## WHAT TO DO
Only the lines below from the one that contains "DOC) MAKALAH ETIKA" through the one that contains "Presentatiewand 14 meter" should appear in your answer, exact and without pictures.

## DATA SHOWN
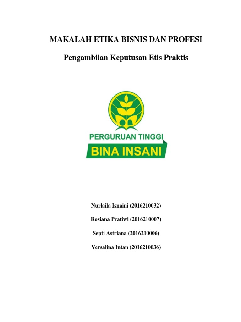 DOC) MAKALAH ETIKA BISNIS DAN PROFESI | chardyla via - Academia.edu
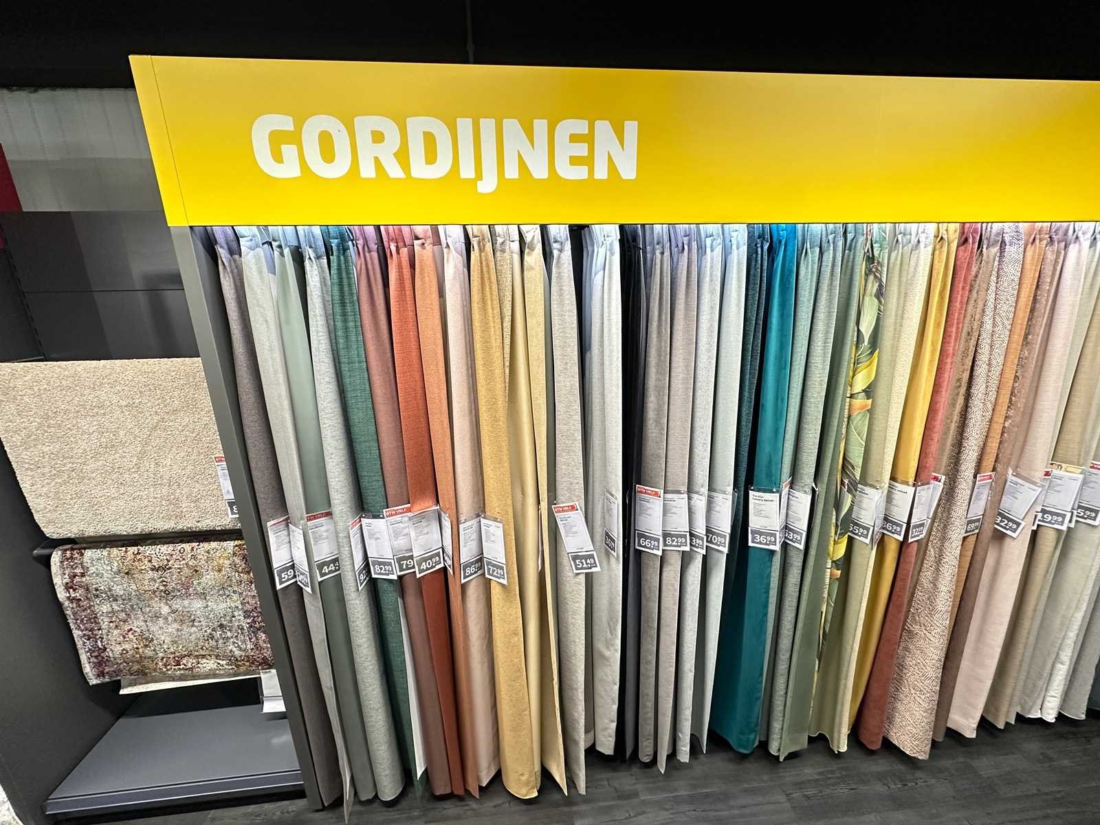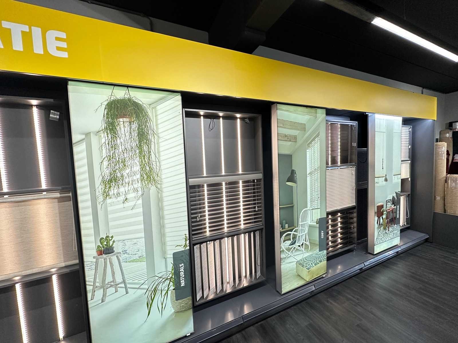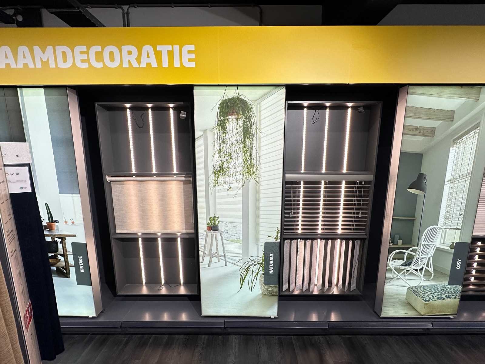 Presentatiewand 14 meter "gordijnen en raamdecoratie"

==

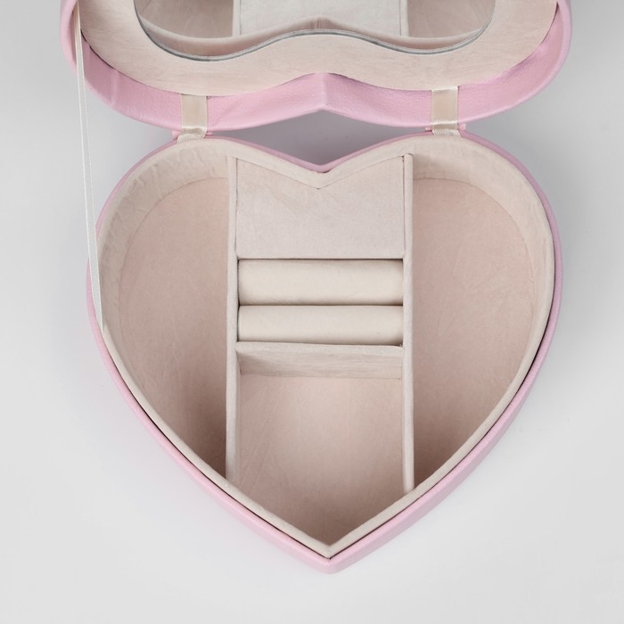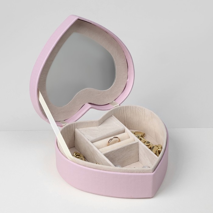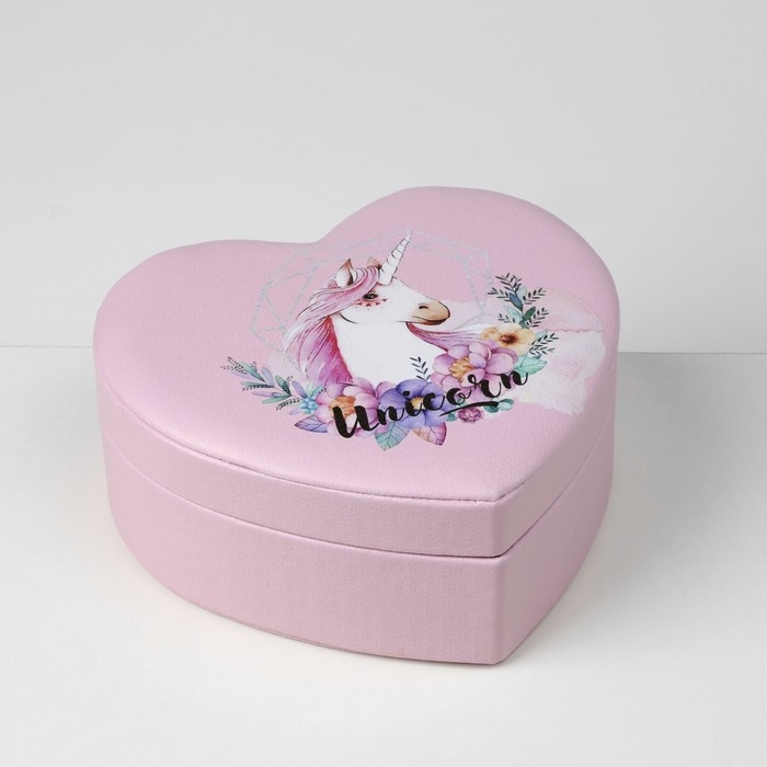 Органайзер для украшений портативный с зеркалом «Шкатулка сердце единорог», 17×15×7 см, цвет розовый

---

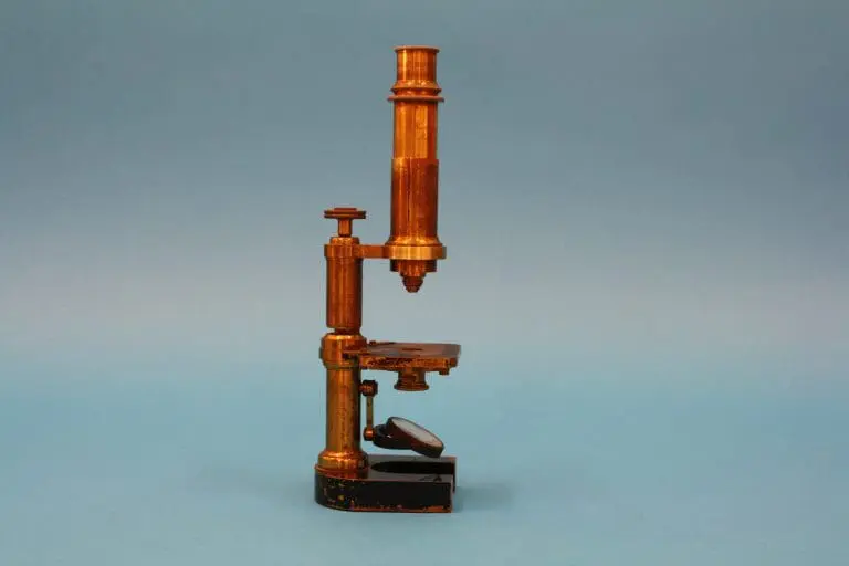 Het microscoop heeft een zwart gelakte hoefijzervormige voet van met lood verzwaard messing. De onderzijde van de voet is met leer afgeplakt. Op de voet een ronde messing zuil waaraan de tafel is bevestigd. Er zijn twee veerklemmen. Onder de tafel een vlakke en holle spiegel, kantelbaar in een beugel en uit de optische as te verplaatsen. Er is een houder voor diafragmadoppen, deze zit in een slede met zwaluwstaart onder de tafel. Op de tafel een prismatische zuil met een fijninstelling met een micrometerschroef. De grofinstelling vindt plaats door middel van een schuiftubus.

## REPLY
 DOC) MAKALAH ETIKA BISNIS DAN PROFESI | chardyla via - Academia.edu
 Presentatiewand 14 meter "gordijnen en raamdecoratie"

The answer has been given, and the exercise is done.